Reference no: EM133381635
Assignment:
Karen is the regional coding manager for a large healthcare organization. She is responsible for coding compliance and training for three hospitals. Karen creates a dashboard each week with the metrics from each hospital. The metrics are not only specific from each hospital, but also by patient type. This dashboard is shared weekly via e-mail with all coding staff and relevant leadership. Although there is some fluctuation from week to week, the metrics have remained relatively consistent for the past two years. Karen notices that the metrics for the past two weeks for Uptown Hospital, the large urban hospital in her region, have shown a significant change. There are large number of inpatient charts that have not been coded.
Karen also receives the results of a recent coding audit for that facility. The audit reveals a coding quality issue with the inpatient coding. Karen contact Sue, the coding manager at Uptown Hospital, to determine the cause of the resent changes. Sue informs Karen that one of the inpatient coders went on maternity leave three weeks ago and another had surgery two weeks ago and has not returned to work. In order to manage the inpatient coding backlog, Sue was having two outpatient coders fill in. These coders have much lower productivity when coding inpatient charts and are not properly trained to code this patient type.

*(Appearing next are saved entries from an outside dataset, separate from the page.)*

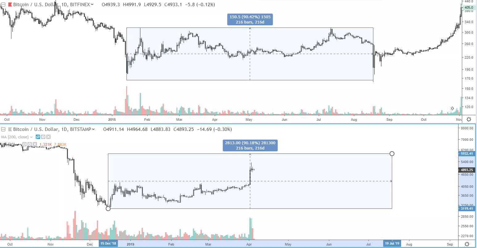Сравнение динамики движения цены биткоина в 2015 и в 2019 году. Дневные графики BTC/USD биржи Bitfinex от TradingView
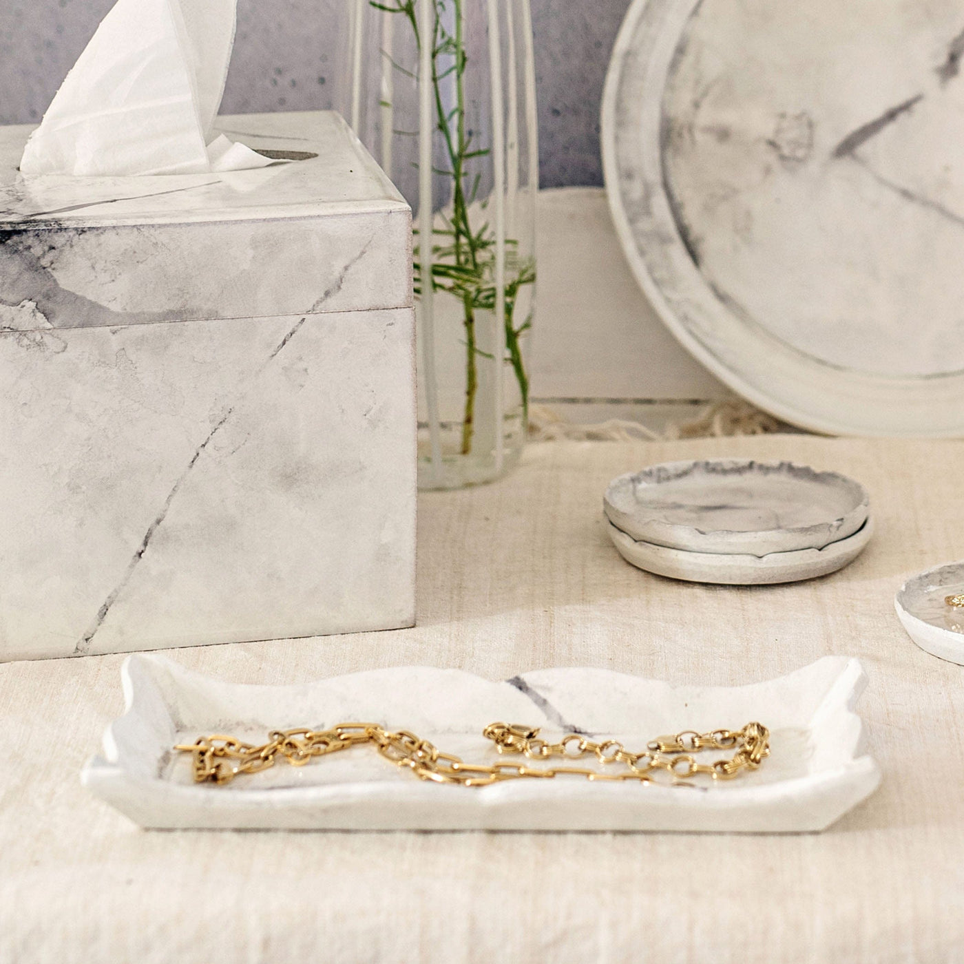 Traditional shapes, soft curves, artistic details, and radiant hues make the Florentine Wooden Accessories a timeless statement collection. Inspired by the artistry of the Renaissance, maestro artisans handcarve each Florentine Wooden Accessories Marble Small Rectangular Tray, and it brings brings Italian panache to your home.
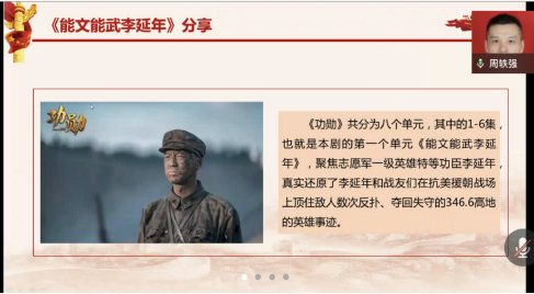在“好…好…学习”专栏,周轶强给大家推荐了电视剧《功勋》中的单元剧《能文能武李延年》。在抗美援朝战争中,志愿军将士奔赴前线,谱写了无数可歌可泣的战斗传奇和英雄颂歌,形成了伟大的抗美援朝精神。电视剧在6集的简短篇幅里以李延年为中心,讲述了抗美援朝战争中的346.6高地防守阻击战。通过“处理逃兵”、“争夺高地”、“锄奸行动”和“坚守高地”四个故事,该电视剧打破了国产战争剧长期以来存在的“军事主官抓打仗、政治主官抓思想”模式,塑造了一个作为战斗英雄的指导员形象,被誉为近年来“抗美援朝战争剧”中的现象级作品。
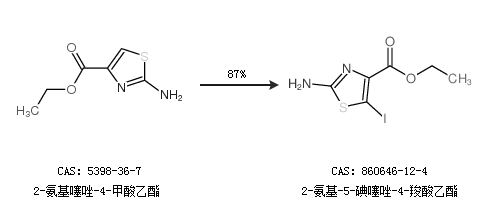 1.通過(guò)2-氨基噻唑-4-甲酸乙酯合成2-氨基-5-碘噻唑-4-羧酸乙酯,收率約87%;
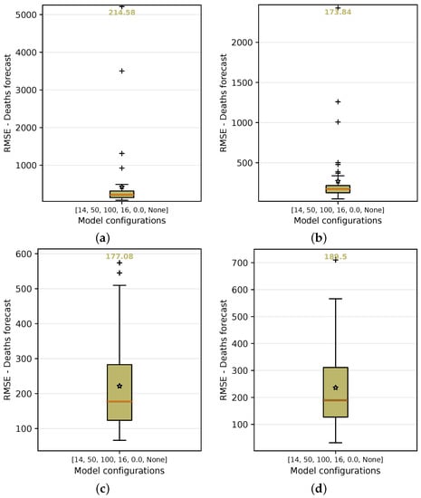 In order to test and choose for the best configuration, each of them is submitted to a grid-search process of training. In this process, they are executed 50 times and the forecast variations of each model are then analyzed using the test input data. By using the number of cases as the basis for predicting the number of deaths (baseline case), the median value of the results obtained from this method demonstrated that the median of the RMSE error is approximately 214.58 deaths over a 14-day forecast period, as shown in Figure 16a.
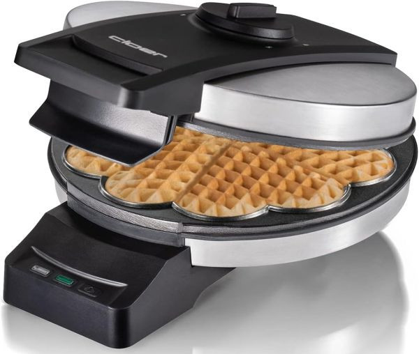 Waffeln 19,5 cm Ø, doppelte Antihaftbeschichtung, besonders zuckerresistent, robuste 3,2 kg schwere Ausführung, für den gewerblichen Gebrauch geeignet, stufenlos wählbarer Bräunungsgrad, optische und akustische Fertigmeldung, innenliegendes Scharnier, flexibles Scharnier für ein besseres Aufgehen der Waffel, Fettauffangrille, außenliegende Kabelführung, patentierte Kabelaufwicklung, die das Gerät verriegelt, platzsparende Aufbewahrung durch Aufstellen auf den Griff, spritzwassergeschützter An-/Ausschalter
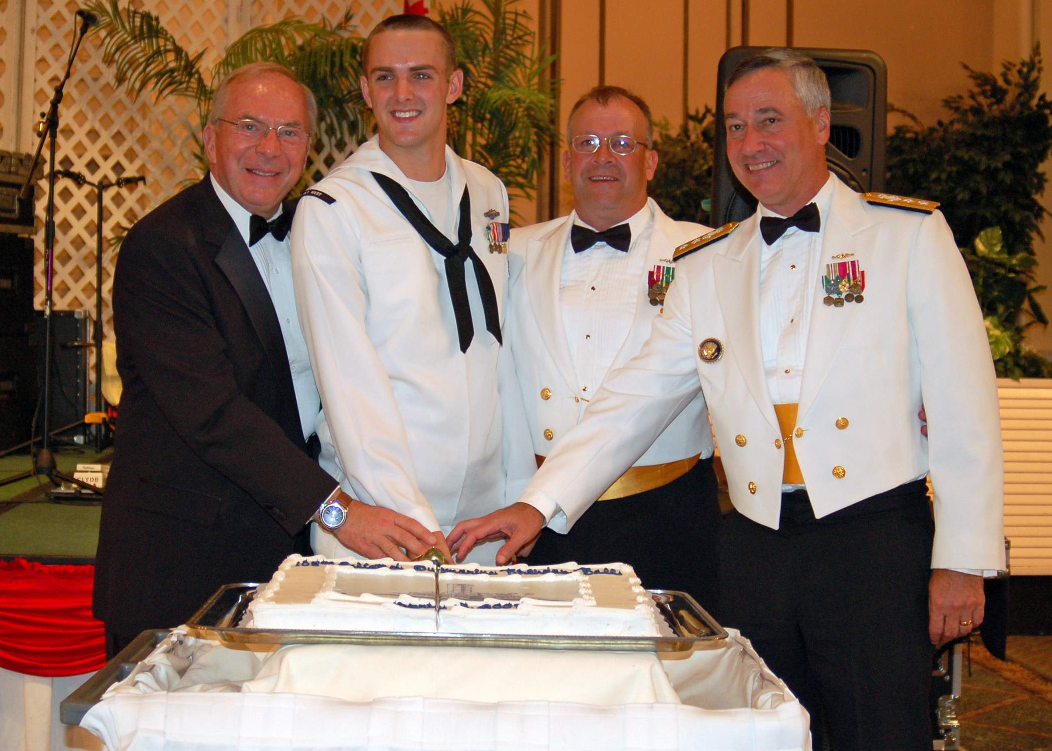 ![]() | 261k | Commander, Submarine Force U.S. Pacific Fleet Rear Admiral Joe Walsh and Retired Vice Admiral Al Konetzni join in as the longest submarine qualified Sailor in attendance, Submarine Force U.S. Pacific Fleet Force Master Chief (SS) Morris Pollard and the most recent submarine qualified Sailor in attendance, Machinist Mate 2nd Class (SS) Kevin Pallagi from the Key West (SSN-722) cut the birthday cake at the 108th Enlisted Submarine Ball, Friday, 19 April 2008, held in the Coral Ballroom at the Hilton Hawaiian Village. More than 1,000 Submariners and their guests from all over the Hawaii area joined together to celebrate the 108th birthday of the Submarine Force. | USN photo # N-9486C-003 by Mass Communications Specialist First Class (SW) Cynthia Clark, courtesy of news.navy.mil. & submitted by Bill Gonyo. | |

These coders' charts were the primary problem in the recent coding audit for inpatient coding. Karen knows from her weekly metrics that the other two facilities are current (up-to-date) on inpatient coding. Karen and Sue brainstormed possible solutions. In an attempt to resolve the problem and formulate a better solution, Karen makes arrangements for inpatient coders at the two other facilities to code charts for Uptown Hospital until their inpatient staffing returns to previous levels. This is possible due to the organization's EHR. Karen monitors that dashboard and coding audits for performance and quality and is pleased with the problem's solution
1.) What possible brainstorming activities would Karen and Sue have engaged in to formulate their solution to the coding backlog? Provide a rationale as to why you would choose that technique.
2.) Although the current problem has resolved, what is one way that they could prevent this problem from occurring in the future?
3.) What tools can Karen use to create her weekly dashboard of hospital coding metrics?